Verifable Credentials (VC)

A verifiable credential (VC) is a digital file that contains one or more key-value claims (e.g., birth date, name, qualifications, gender, citizenship, skills, etc.) about an entity (the subject), issued by another entity (the issuer), and is verifiable by any entity (the verifier).

Schemas Repository

Each type of Verifiable Credential (VC) follows the basic scheme proposed by the W3C that defines the fields and data types. Similarly, it is possible to extend the proposed standard through schemes that define the new fields within a specific type of credential.

The schema of a VC is typically a JSON-LD file that describes the fields that the credential can contain, and the credential must point to that file through the “@context” field. Therefore, the JSON-LD file associated with the credential schema must exist in a public place where it can be accessed for later validation. 
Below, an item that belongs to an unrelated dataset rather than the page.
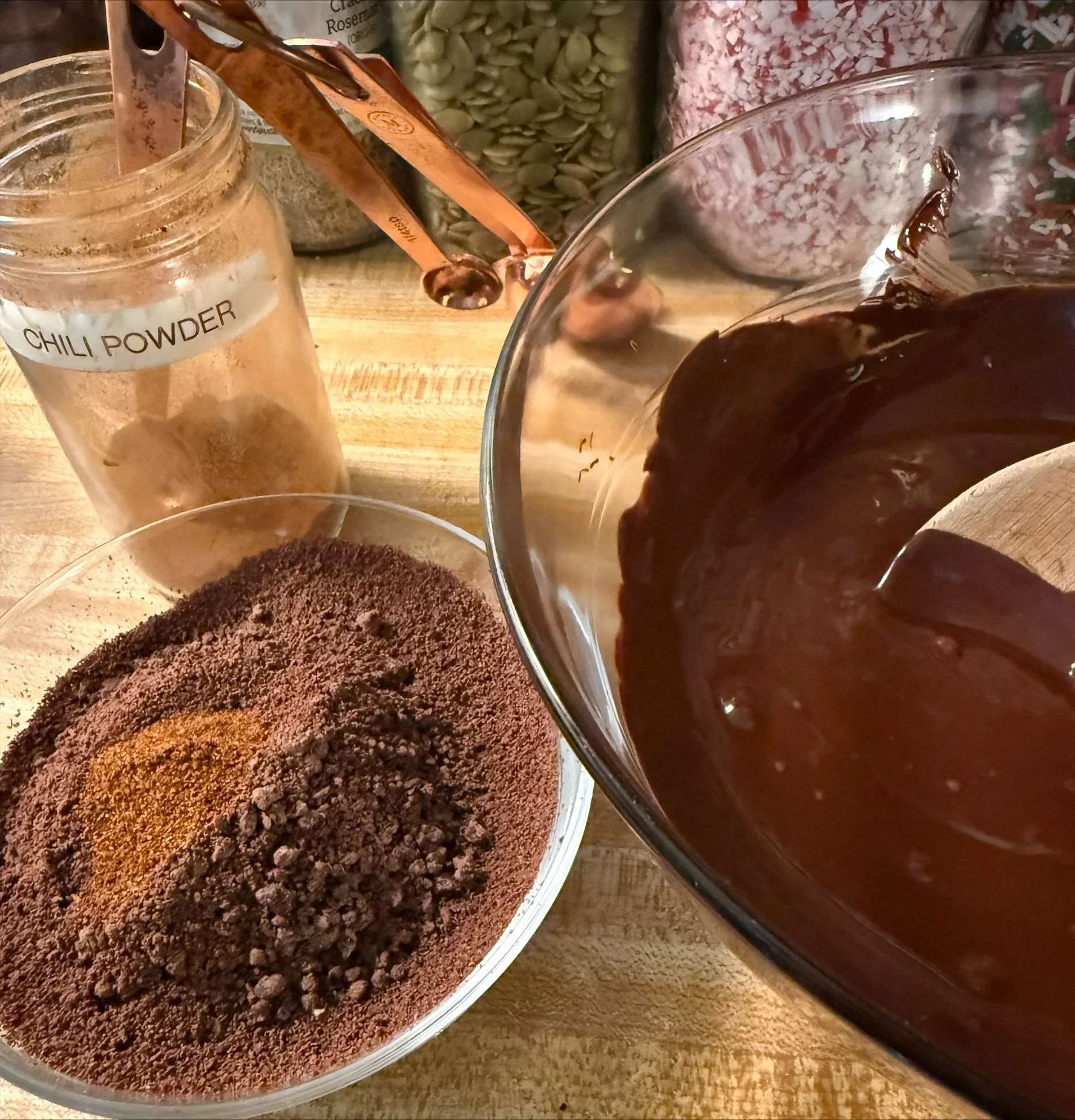 4) For the chocolate: Melt 6 ounces of the chocolate in a double burner, or microwave on 50%, stirring every 15 seconds, until melted and smooth. Add the grated chocolate and chili powder and whisk until smooth. Pour over the filling evenly and then chill until the chocolate is just set, about 10 minutes.

Within the identity stack and with the purpose of maintaining a control of credential types, LACChain has created a LACChain Credential Repository where any entity can register its type of credential along with the associated schema for later publication within the registry that is located at

LACChain has built and maintains a public library of VCs that is aimed to incorporate VCs designed for and used in real use cases across Latin America and the Caribbean in areas such as education, health, energy, public administration services, and land registry, among others. This library can be found in this domain.


Verification Process

The LACChain Framework presents a process to verify verifiable credentials consisting on the following steps:

  1. Verification of the digital wallet: Qualified certified wallets will be trusted to provide an assurance that only the holder of a verifiable credential can access it to present it from their digital wallet.
  2. Verification of the integrity: Verify the content of the credential has not been modified (by verifying the issuers’ signature of the content).
  3. Verification of the status: Verify the credential has not been revoked by the issuer.
  4. Verification of the issuer: Verify the issuer is an entity that the verifier trusts for the issuance of that credential. We propose to use an on-chain root of trust based on smart contracts to verify issuers. Read all about it here.
  5. Verification of the presenter: Verify the presenter is the subject or someone authorized by the subject to be holding and presenting the credential. This can be done by checking the signature issued by the presenter at the time of presenting.
  6. Verification of the claims: Verify the claims are presenting to the verifier the information the verifier intends to verify from the subject.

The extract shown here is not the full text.